Task statement: When copying the data below, keep only the lines from the one with "Hediyelik Kokulu Yeşil Çiçekli Mum" through the one with "مَلْحَظ آخر في", word for word, and skip the pictures.

☆ ☆ ☆ ☆

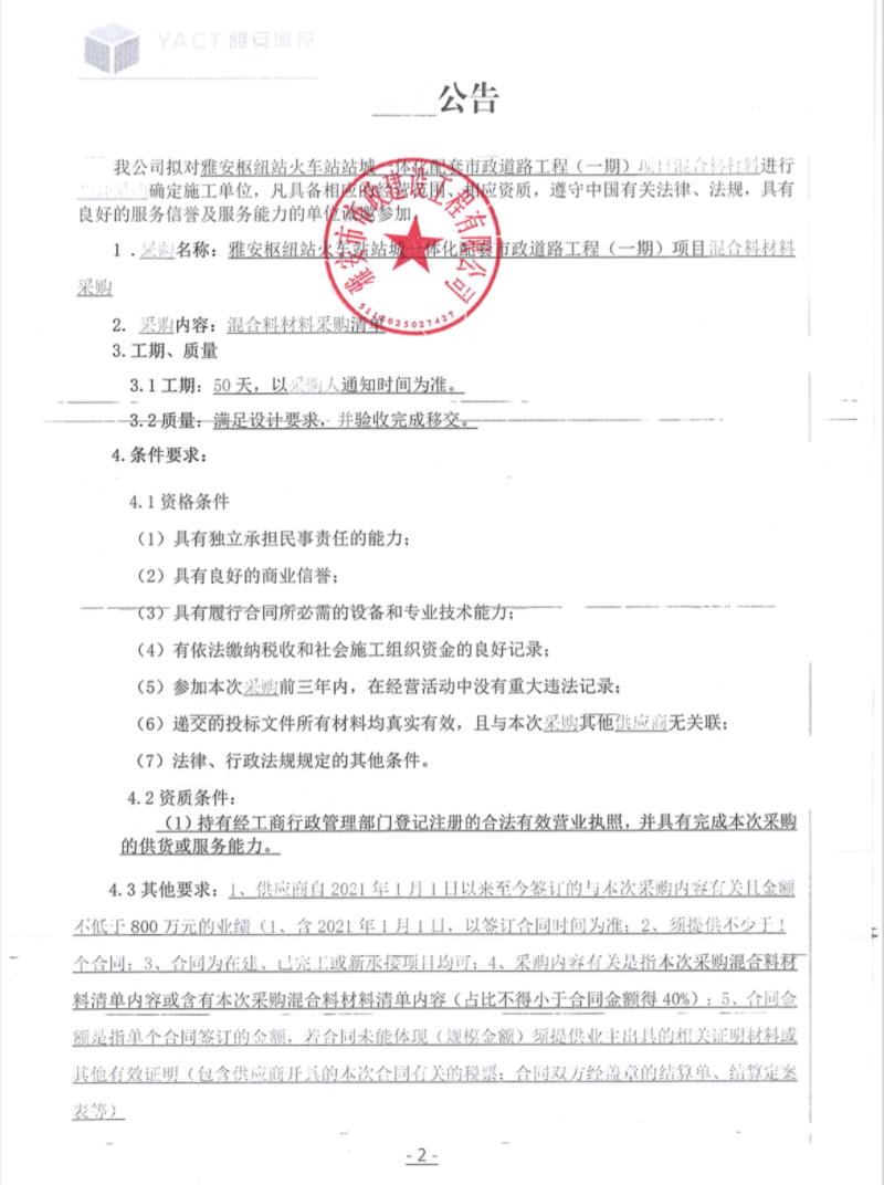 雅安樞紐站火車(chē)站站城一體化配套市政道路工程(一期)項(xiàng)目混合材料采購(gòu)公告
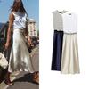 Spring New Arrival French Style Design Niche Style round Neck Sleeveless A- line Skirt Mid-Length Patchwork Dress 0085310
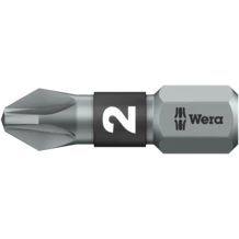 BiTorsion bits for Pozidriv* screws with torsion zone into which kinetic energy is dissipated during peak loads. This significantly increases the product life. Extra-hard design. 1/4" hexagonal, suitable for holding tools as per DIN ISO 1173-D 6.3. * Pozidriv = registered trademark of the company European Industrial Service Ltd.
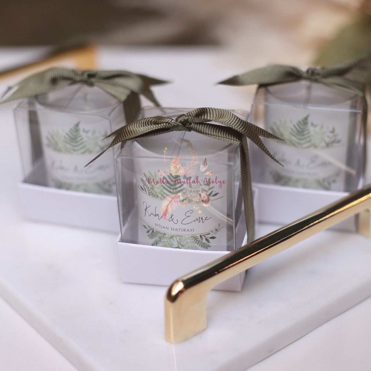 Hediyelik Kokulu Yeşil Çiçekli Mum
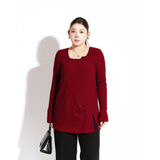 采多宝大码女装波浪边半高领宽松打底衫胖mm修身显瘦极简上衣
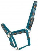 Three Ply Pink Nylon adjustable halter with Southwest Cross design overlay. It features a snap at the throat latch and easily adjusts at crown and nose.
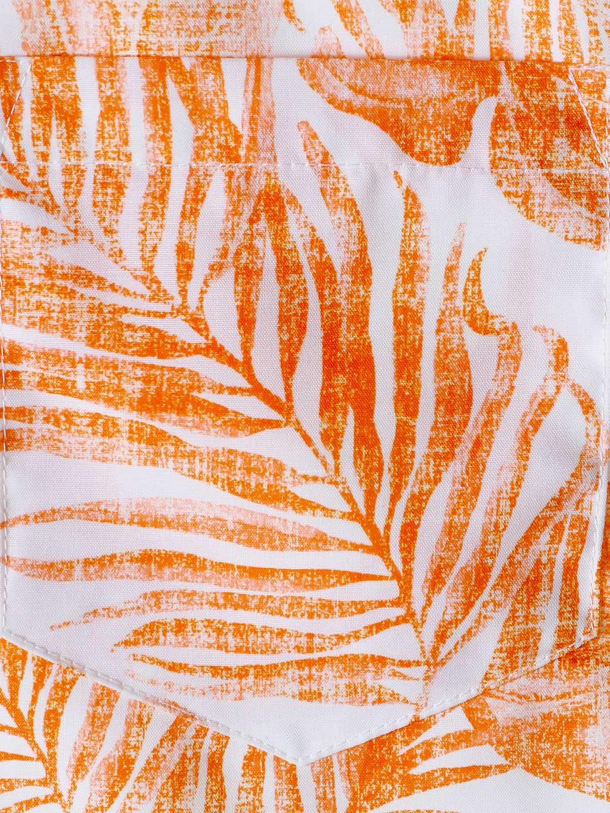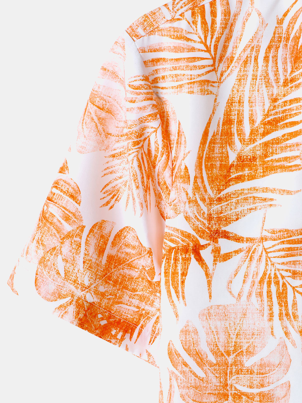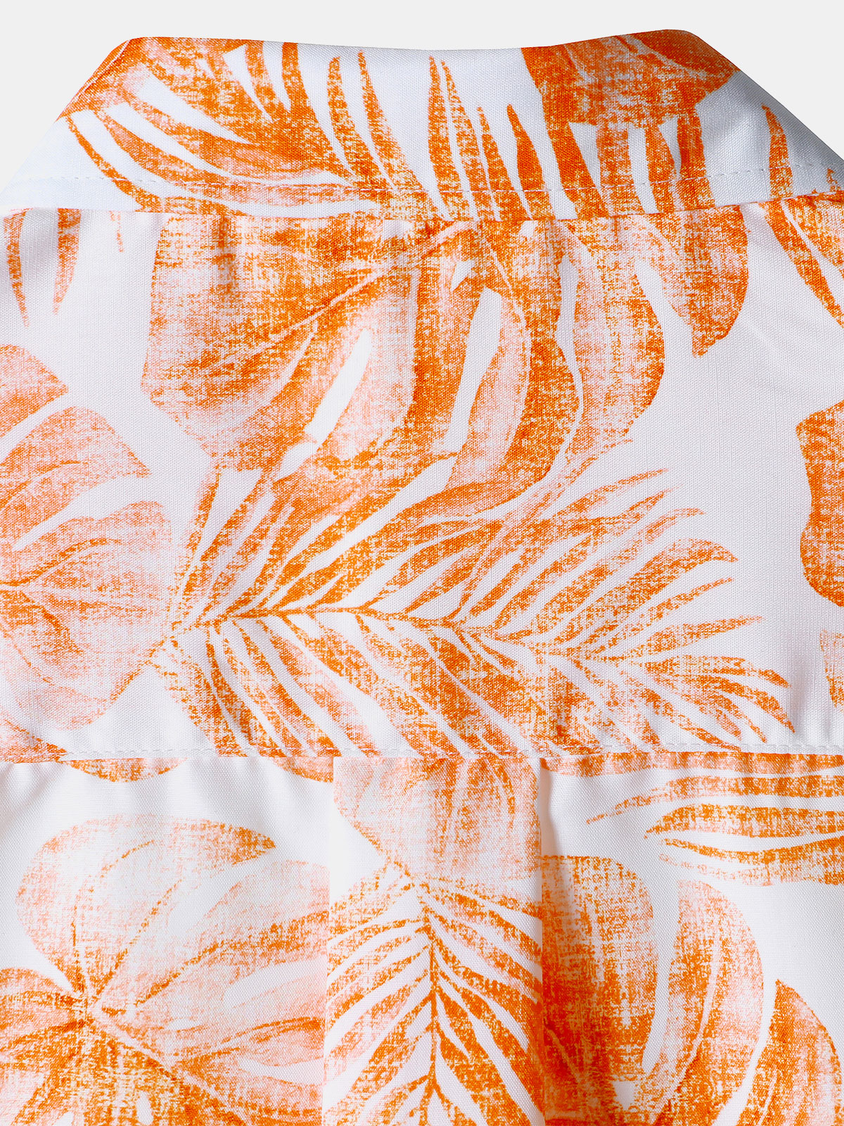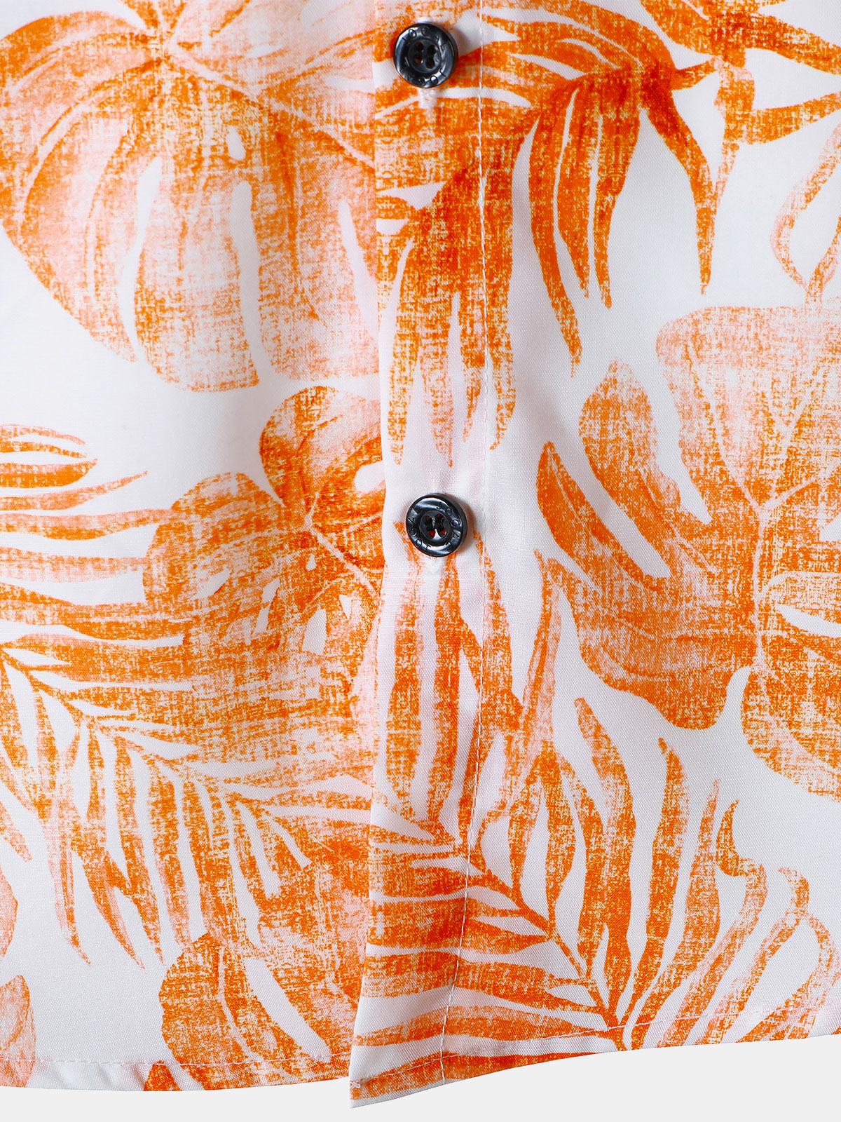Men‘s Leaves Print Hawaiian Pocket Casual Aloha Shirts
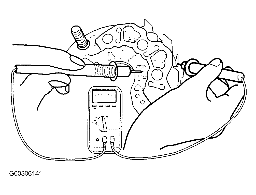 - Test the stator for an open circuit using the ohmmeter. See Fig 11.
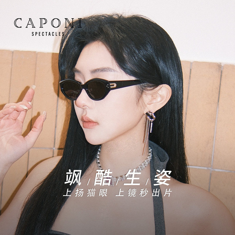 CAPONI复古猫眼GM墨镜女2024新款高级感防紫外线偏光太阳眼镜dada
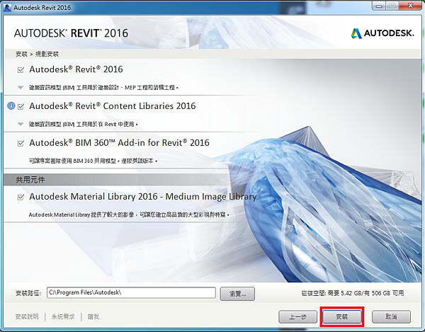 1. 執行 Revit 2016 安裝程式,點擊「安裝」準備開始安裝 Revit 2016。
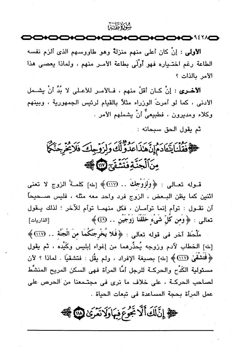 مَلْحَظ آخر في قوله تعالى: {فَلاَ يُخْرِجَنَّكُمَا مِنَ الجنة} [طه: 117] الخطاب لآدم وزوجه يُحذِّرهما من إغواء إبليس وكَيْده، ثم يقول {فتشقى} [طه: 117] بصيغة الإفراد، ولم يقُل: فتشقيَا. لماذا؟ لأن مسئولية الكَدْح والحركة للرجل أمَّا المرأة فهي السكن المريح المنشِّط لصاحب الحركة، على خلاف ما نرى في مجتمعنا من الحرص على عمل المرأة بحجة المساعدة في تبعات الحياة.
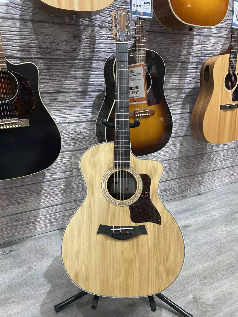 Taylor's 200 Series has been a hit with all types of guitar players, from the new learner to the experienced pro. The player-friendly Taylor Neck design makes for relaxed fretting, and the Venetian cutaway provides quick access to the guitar's highest register. For players who like to plug in, the onboard ES2 pickup delivers clean, authentic acoustic tone for amplified situations, making it easy to play with other musicians or at solo performances. This Grand Auditorium acoustic-electric guitar comes with a padded gig bag for protection during transport.
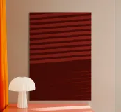 Linee spesse e sottili di colore rosso mattone, dai bordi morbidi e dalla texture sfumata, su uno sfondo marrone scuro e rossastro. Sviluppato dal gioco di luci e ombre delle persiane.
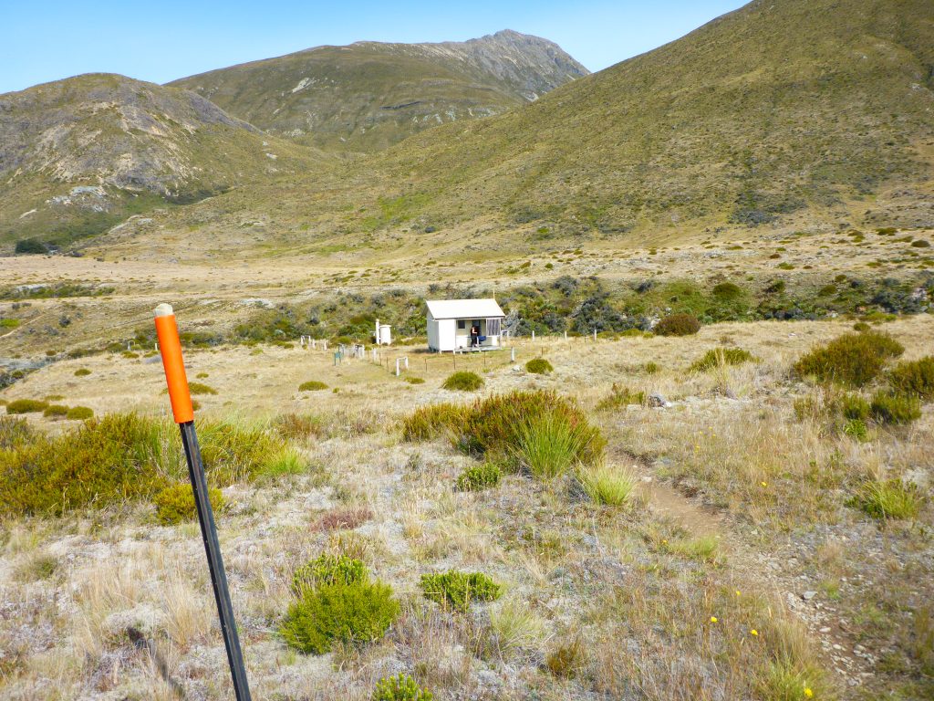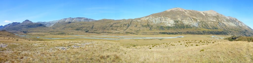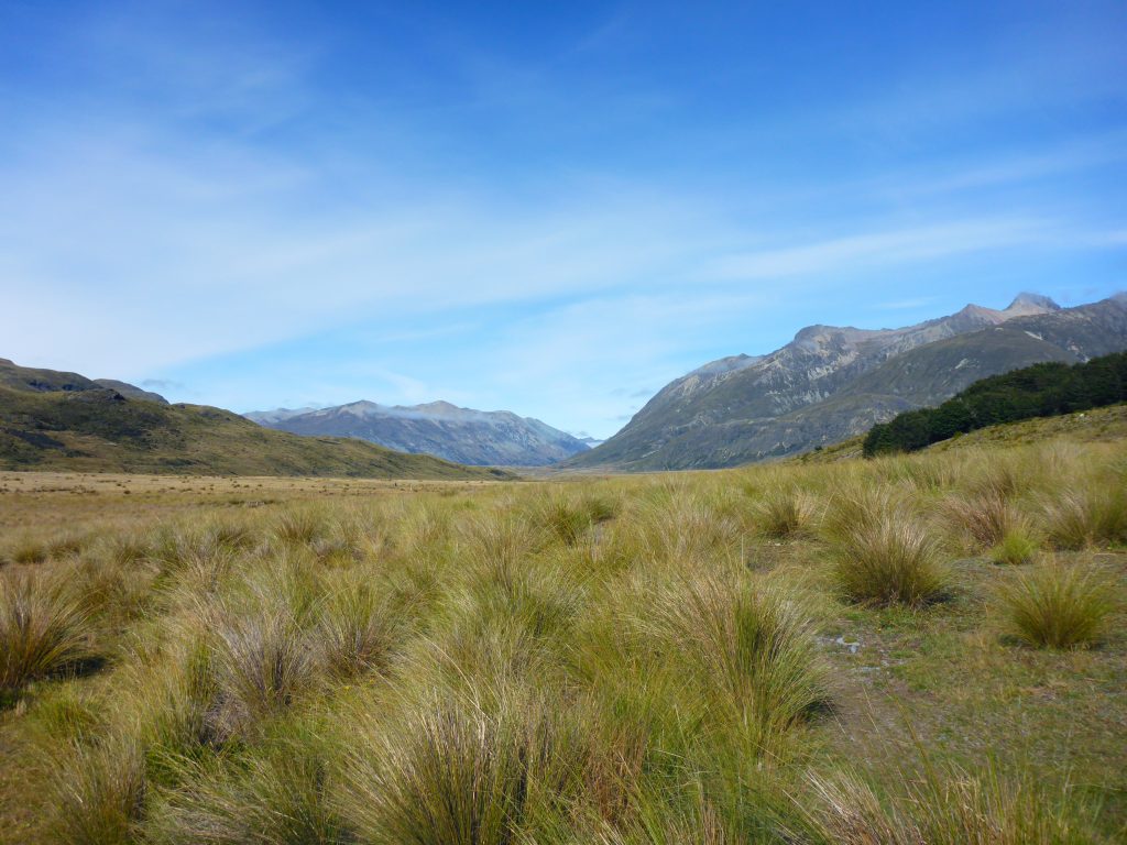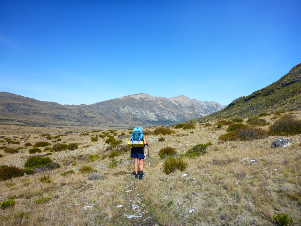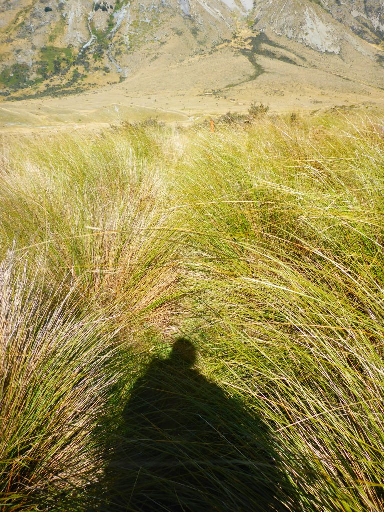 After noon though the sun was shining, and there were no more forests to walk through. It was now open tussock, with wide views. At 1pm I reached Taupo Hut. And though I do not like to stop for long breaks, as this brings me out of my tramping flow, I had to stop and fix my shoes a little bit, as one of the holes was growing, and I didn’t want to end up with ripped shoes so close to the finish.

☆ ☆ ☆ ☆

Output below:
 Hediyelik Kokulu Yeşil Çiçekli Mum
 采多宝大码女装波浪边半高领宽松打底衫胖mm修身显瘦极简上衣
 Three Ply Pink Nylon adjustable halter with Southwest Cross design overlay. It features a snap at the throat latch and easily adjusts at crown and nose.
Men‘s Leaves Print Hawaiian Pocket Casual Aloha Shirts
 - Test the stator for an open circuit using the ohmmeter. See Fig 11.
 CAPONI复古猫眼GM墨镜女2024新款高级感防紫外线偏光太阳眼镜dada
 1. 執行 Revit 2016 安裝程式,點擊「安裝」準備開始安裝 Revit 2016。
 مَلْحَظ آخر في قوله تعالى: {فَلاَ يُخْرِجَنَّكُمَا مِنَ الجنة} [طه: 117] الخطاب لآدم وزوجه يُحذِّرهما من إغواء إبليس وكَيْده، ثم يقول {فتشقى} [طه: 117] بصيغة الإفراد، ولم يقُل: فتشقيَا. لماذا؟ لأن مسئولية الكَدْح والحركة للرجل أمَّا المرأة فهي السكن المريح المنشِّط لصاحب الحركة، على خلاف ما نرى في مجتمعنا من الحرص على عمل المرأة بحجة المساعدة في تبعات الحياة.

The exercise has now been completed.